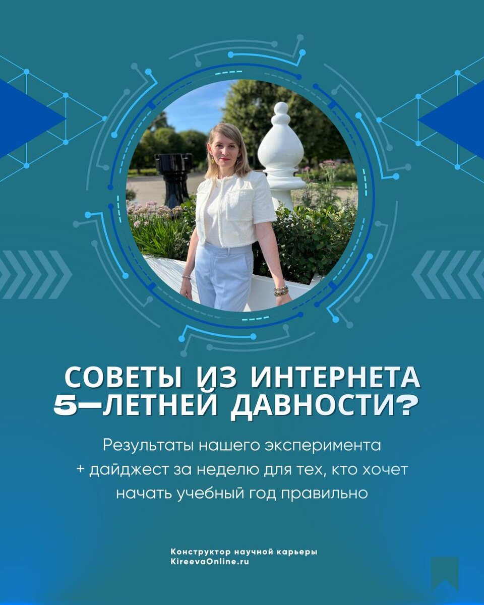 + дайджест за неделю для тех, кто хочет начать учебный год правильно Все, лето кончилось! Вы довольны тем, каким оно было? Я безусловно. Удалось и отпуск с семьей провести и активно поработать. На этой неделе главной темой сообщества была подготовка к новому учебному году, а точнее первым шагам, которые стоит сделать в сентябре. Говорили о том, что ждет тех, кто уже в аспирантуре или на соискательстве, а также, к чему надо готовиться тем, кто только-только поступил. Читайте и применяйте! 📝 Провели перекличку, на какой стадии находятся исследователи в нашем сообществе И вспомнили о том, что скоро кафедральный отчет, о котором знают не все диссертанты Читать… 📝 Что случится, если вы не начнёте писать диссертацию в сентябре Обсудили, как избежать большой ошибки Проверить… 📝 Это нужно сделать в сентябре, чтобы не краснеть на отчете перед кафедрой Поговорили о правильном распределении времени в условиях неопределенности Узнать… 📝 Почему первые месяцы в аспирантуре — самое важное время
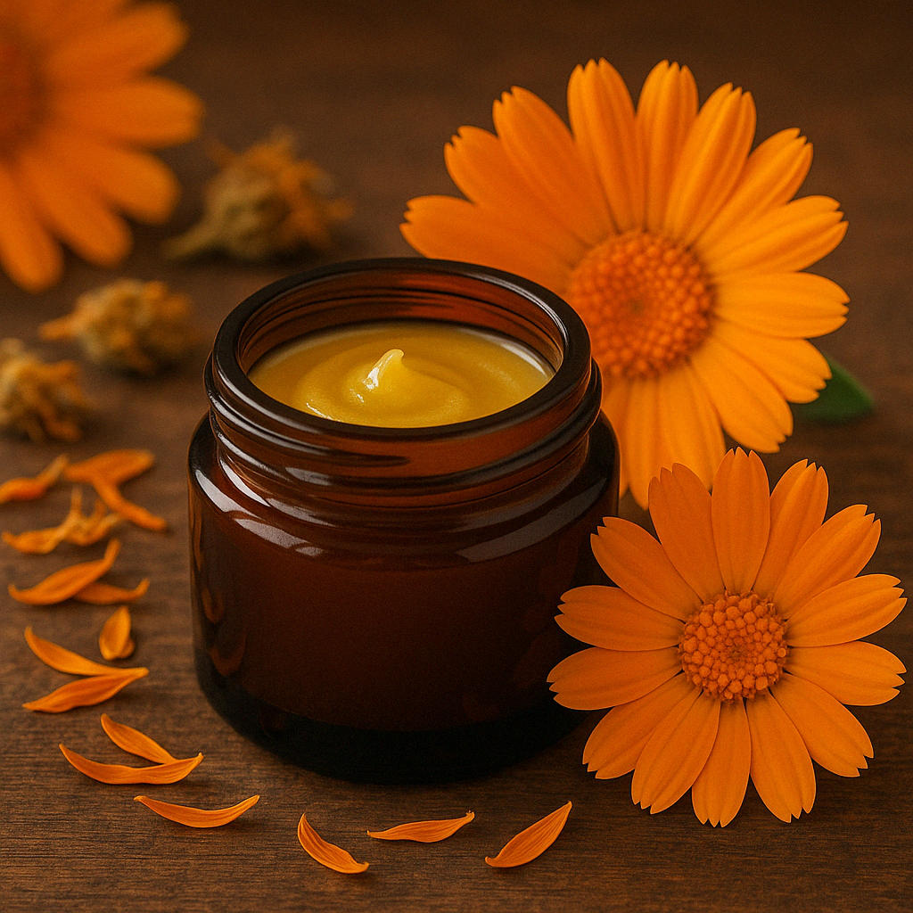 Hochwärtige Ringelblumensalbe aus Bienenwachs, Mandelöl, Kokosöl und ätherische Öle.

---

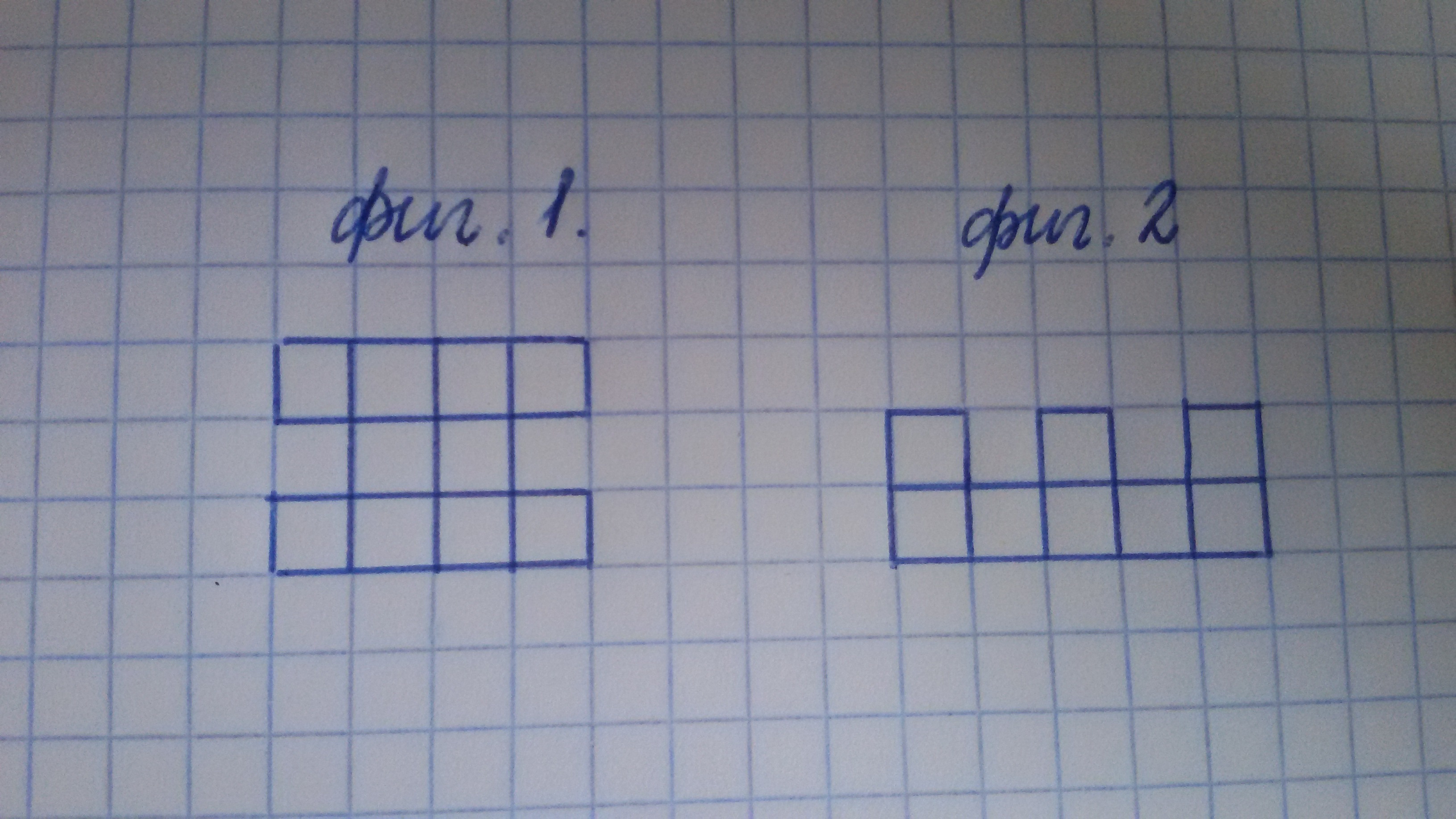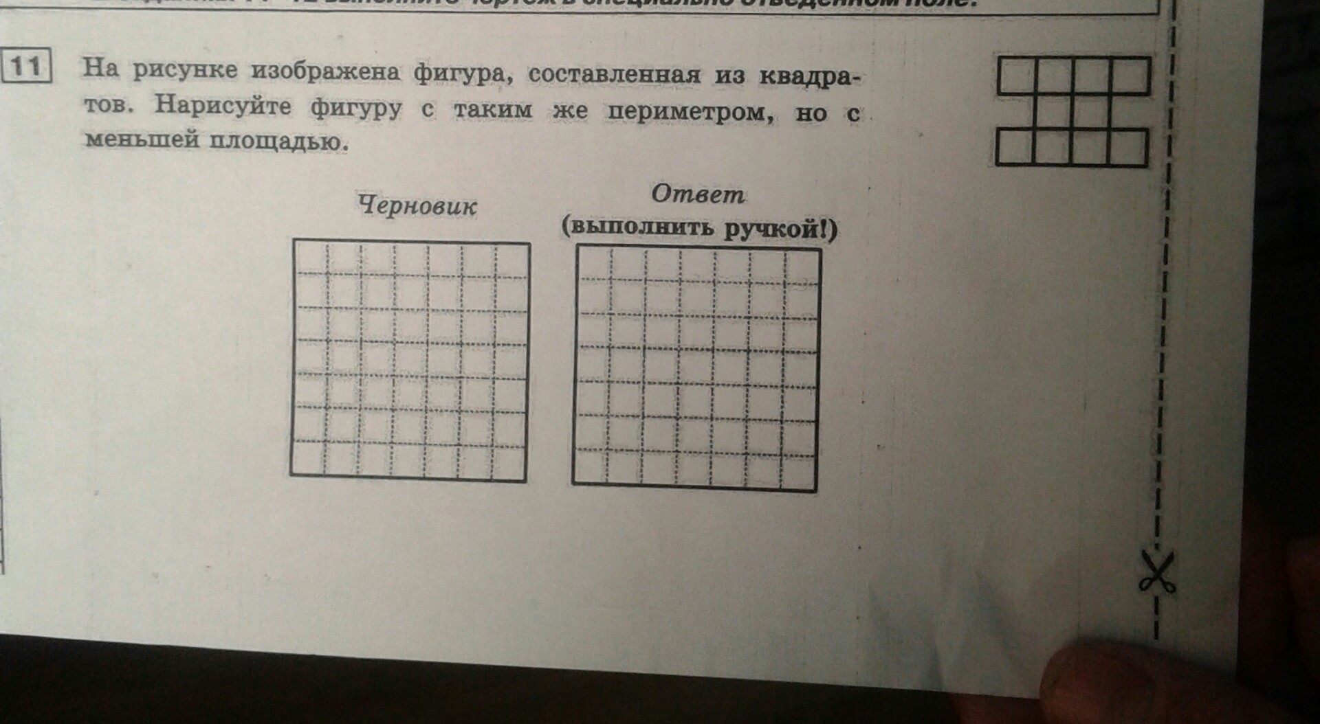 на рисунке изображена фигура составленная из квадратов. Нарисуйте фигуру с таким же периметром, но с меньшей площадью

_Task requirements_:
Of the records above, print only the lines from the one containing "самое важное время" through the one containing "Hochwärtige Ringelblumensalbe aus", inclusive and unaltered, leaving out pictures.

_The completed task_:
 + дайджест за неделю для тех, кто хочет начать учебный год правильно Все, лето кончилось! Вы довольны тем, каким оно было? Я безусловно. Удалось и отпуск с семьей провести и активно поработать. На этой неделе главной темой сообщества была подготовка к новому учебному году, а точнее первым шагам, которые стоит сделать в сентябре. Говорили о том, что ждет тех, кто уже в аспирантуре или на соискательстве, а также, к чему надо готовиться тем, кто только-только поступил. Читайте и применяйте! 📝 Провели перекличку, на какой стадии находятся исследователи в нашем сообществе И вспомнили о том, что скоро кафедральный отчет, о котором знают не все диссертанты Читать… 📝 Что случится, если вы не начнёте писать диссертацию в сентябре Обсудили, как избежать большой ошибки Проверить… 📝 Это нужно сделать в сентябре, чтобы не краснеть на отчете перед кафедрой Поговорили о правильном распределении времени в условиях неопределенности Узнать… 📝 Почему первые месяцы в аспирантуре — самое важное время
 Hochwärtige Ringelblumensalbe aus Bienenwachs, Mandelöl, Kokosöl und ätherische Öle.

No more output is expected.